You follow her. She’s in her room, she’s breathing hard, she’s staring at the mound of little mini bar bottles as if she’s never seen them before and wondering how they got there. You want to take her hand and offer her some comfort. Just comfort, but you don’t quite dare.

“It’s just wrong,” she says.

“For God’s sake,” you say, and you try not to sound impatient. “After what Abdul’s been up to behind
your
back?

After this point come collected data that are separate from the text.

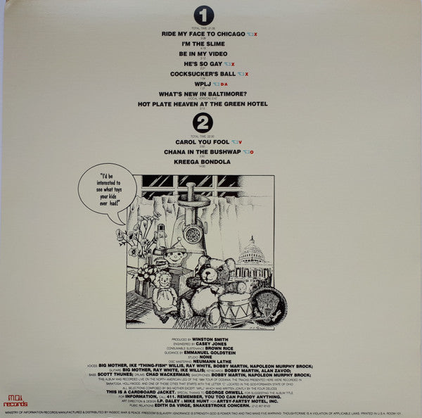 This album contains material which we deem unfit for exposure to humans and unborn fetus. This album was recorded live on the North American leg of the 1984 tour of Oceania. The tracks presented here were recorded in Saratoga, Hollywood, and one of those cities that starts with the letter "C" located in the god-forsaken state of Ohio. Consumable sustenance: Brown Rice Disc mastering: Neumann Lathe Pubic Relations: Edith Da Virge / Snakestroke Concern (212) 807-8123 Special thanks to George Orwell for suggesting the album title. Ministry Of Information Records Manufactured & distributed by INGSOC. War is peace. Freedom is slavery. Ignorance is strength. God is power. Two and two make five.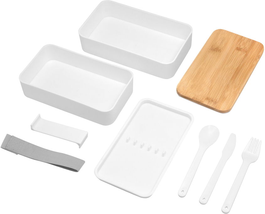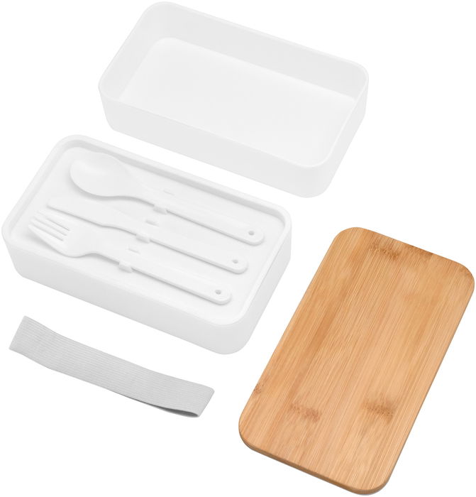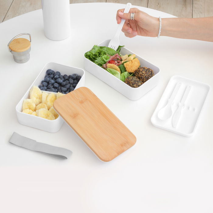 Contenedor de alimentos con tapa de Bambú. Posee dos compartimentos plásticos, un separador y bandeja porta set de 3 cubiertos (cuchillo, tenedor, cuchara). La tapa de bambú debe presionar firmemente la bandeja donde se fija el juego de cubiertos. Cierre con sujeción elástica color gris. Producto apto para microondas (sin la tapa). Importante: solo se puede calentar la comida, NO sirve para cocinarla.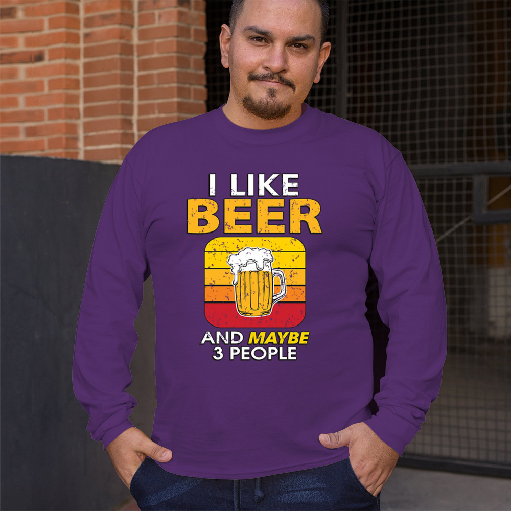 Bold, funny, and just the right amount of antisocial—this design features “I Like Beer and Maybe 3 People†with a foamy beer mug and retro pub vibes. Perfect for beer fans with dry humor and party grumps who prefer cold brews over crowds. Great for bar nights, Oktoberfest, or everyday mood declarations.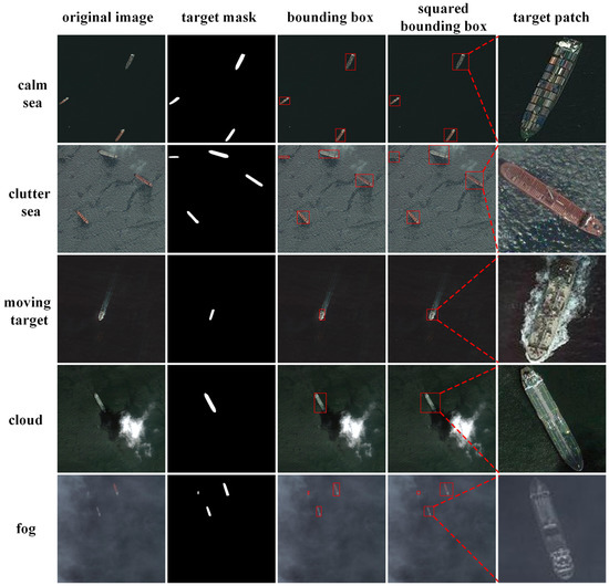 In order to verify the effectiveness of the scheme in this paper, we established a dataset collected from Google Earth for the lack of publicly available datasets for on-board ship detection. The dataset contains 95 images under different imaging conditions with the resolution of 1 m. Training set includes 65 images and the remainder are used as test images. The image size of our dataset ranges from 1500 × 1500 to 10,000 × 10,000 pixels. In total, there are 1397 ships in the training set and 435 ships in the test set. We rotated the training image 36 times (per 10 degrees) to generate different directions, and cropped 12,965 training samples with the size of 1024 × 1024 pixels from the augmented dataset. After data augmentation, 42,308 ships of different types, sizes and directions were used for training. We manually marked the ground truth of all ship targets to obtain the performance of our scheme. As shown in Figure 7, the mask of ship target was marked firstly, and then the minimum bounding rectangle of the connected area was calculated. Finally, the short side of the minimum bounding rectangle was stretched to be the same as the long side to ensure the final bounding box was square. At the same time, we only focus on ships larger than 20 pixels in length, and small ships with long wake are not labeled as positive samples, since their exact location is difficult for human eyes to distinguish. Our dataset includes images under different conditions, such as calm sea, clutter sea, moving target, cloud, and fog interference, which is appropriate for simulating the practical application.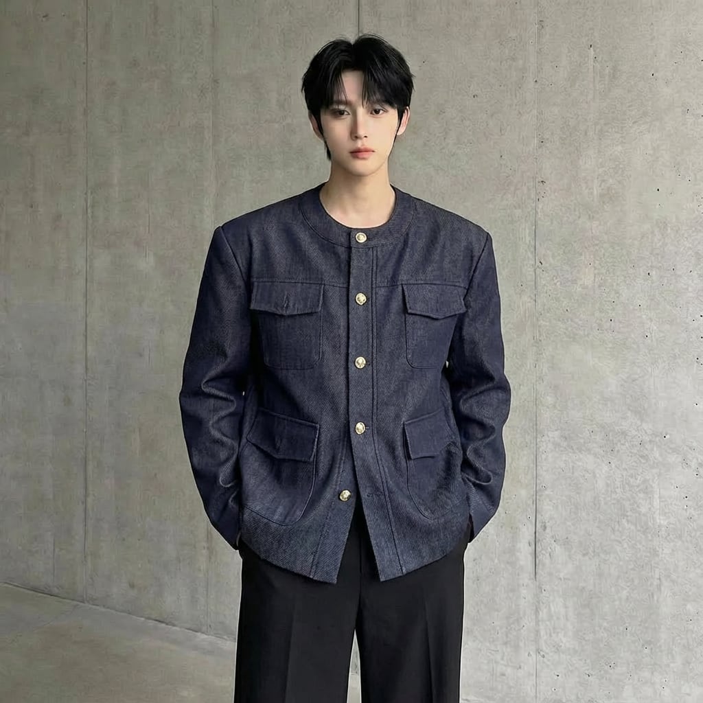 ノーカラーレトロデニムジャケット D11947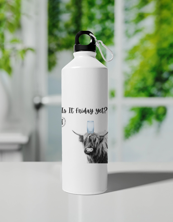 Design: Quirky “Is It Friday Yet?” print with a sturdy leak-proof cap and carabiner for easy carrying.

I think you’re entitled, don’t you?”

“That’s not what I’m talking about,” she says.

It takes you a moment. “Oh. Right. Of course.”

She picks up one of the empty bottles. She tips it into her mouth, just to see if there’s anything inside. She sticks her tongue in the neck, just to reach a few stray drops.

“It’s nonsense,” you say. “You know full well, give it a few years, having a relationship with your brother will be perfectly acceptable. God, you’re allowed to do it with the same sex now, you can do it with animals. Family members are right around the corner. All we are, we’re just a bit ahead of our time.”